万葉集の日記

楽しく学んだことの忘備録

446.巻五・813・814:十一月八日 還使の大監(だいげん)に附く 謹通 尊門 記室

大監(だいげん):大宰府の訴訟事務を掌る官。大伴宿禰百代らしい。

尊門:他人への尊称。

記室:書記。相手を直接ささず、その書記に宛てた形で相手を敬う。「侍史」の類。

筑前の国怡土群(いとぐん)深江村子負の原の、海を目の前にした丘の上に二つの石がある。

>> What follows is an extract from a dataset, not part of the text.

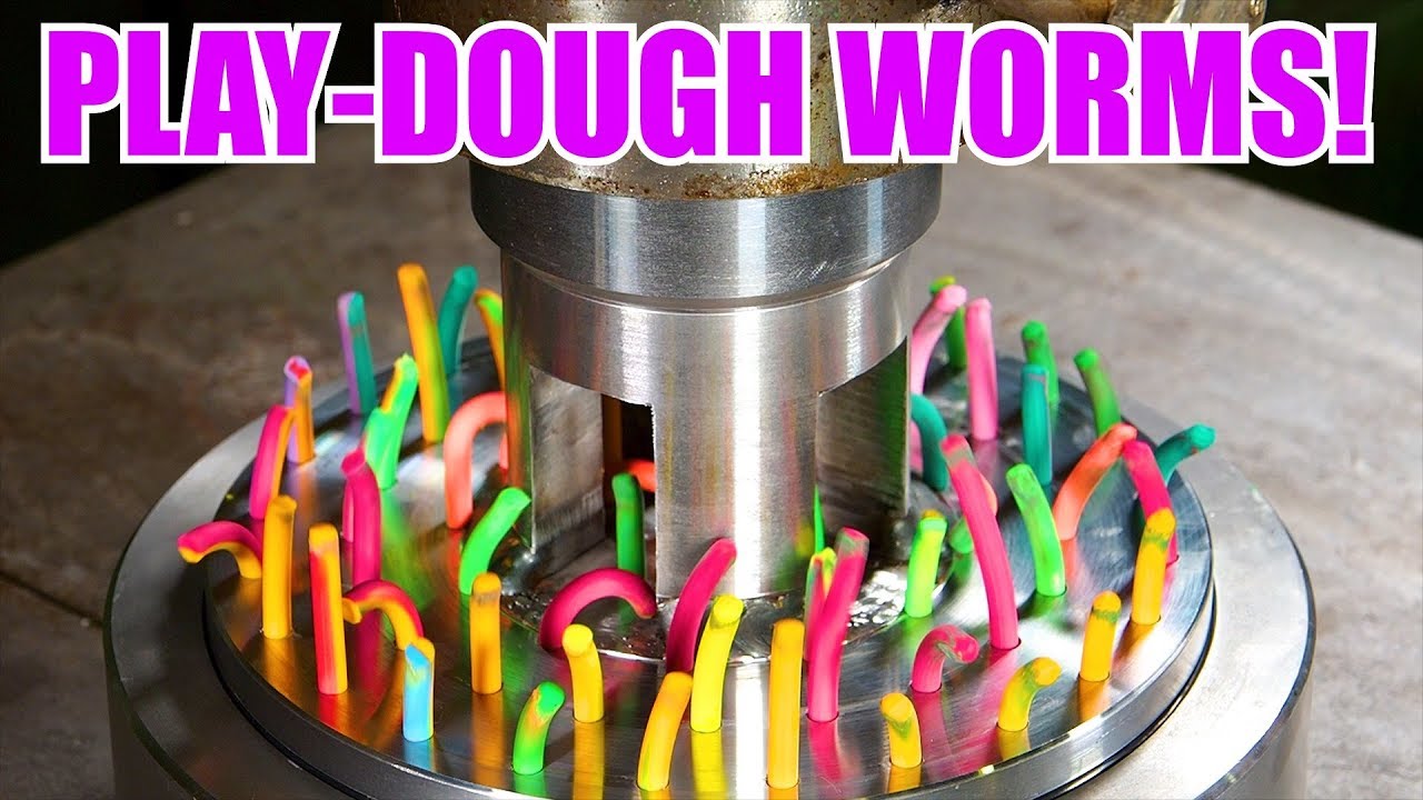 Finnish machine shop owner Lauri Vuohensilta from the popular Hydraulic Press Channel uses a special hydraulic press attachment to make oddly satisfying “worms” out of various objects, including Play-Doh, gummy bears, slime, and more.
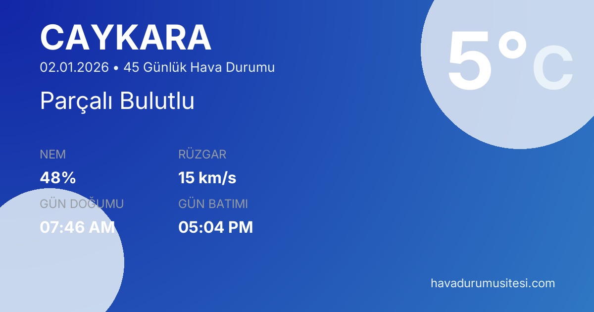 Çaykara için 45 günlük detaylı hava durumu tahmini. Son güncelleme: 02.01.2026 18:58 | Veriler uluslararası meteoroloji standartlarına uygun olarak işlenmektedir.

大きいのは高さ一尺二寸六分、回り一尺八寸六分、重さ十八斤五両、小さいのは高さ一尺一寸、回り一尺八寸、重さ十六斤十両

どちらも楕円形で、まるで鶏の卵のようだ。

その美しく立派なことは口ではとても言えない。

いわゆる径石の璧(たま)とはこれをいうのであろう<或いは「この二つの石はもと肥前の国彼杵群平敷(そのきぐんひらしき)にあったもので、占いに顕われて取り寄せたものだ」とも伝える。>

石は深江の駅家を去ること二十里ほどの道のほとりにある。

それで、公私の往来に馬から下りて拝まない者はない。

古老が言い伝えるには、「昔、神功皇后新羅を討たれた時に、この二つの石を御袖の中に挟んで御心の鎮めとなさった<本当は御裳の中なのだ。>

こういうわけで道行く人々がこの石を拝むのだ。」と言う。

そこで作った歌」

813番歌

訳文

「口に出して申し上げるのはむしょうに恐れ多い。

が、足日女神功皇后の命(みこと)が、韓の国を平らげて御心を落ちつけたいとお思いになって、おごそかにお取りになり斎(いつ)き祭られた玉のような二つの石を、この世の人にお示しになって、いついつまでもその霊験のあらたかさを語り継ぐようにと、深江の里の海のほとりの、ここ子負の原に御自身の手でお置きになって以来、神として神々しく鎮まっておいでになる、この霊妙な御魂の石は今も眼前にあってまことに尊い

書き下し文

「かけまく あやに畏し 足日女(たらしひめ) 神の命 韓国を 向け平らげて 御心を 鎮めたまふと い取らして 斎(いは)ひたまひし 真玉なす 二つ石を 世の人に 示したまひて 万代に 言ひ継ぐがねと 海の底 沖つ深江の 海上(うみなか)の 子負の原に 御手づから 置かしたなひて 神(かむ)ながら 神さびいます 奇(く)し御魂 今のをつつに 貴きろかむ」

建部牛麻呂の話を歌にしたので記紀の伝えと違うところがある。

814番歌

訳文

「天地ともに永く久しく語り継げとて、この不思議な霊石を、ここに据えて置かれたらしい」

書き下し文

「天地の ともに久しく 言ひ継げと この奇し御魂 敷かしけらしも」

右の事、伝へ言ふは、那珂の郡伊知の郷蓑島の人建部牛麻呂なり。

長谷寺の画像を貼り付けます。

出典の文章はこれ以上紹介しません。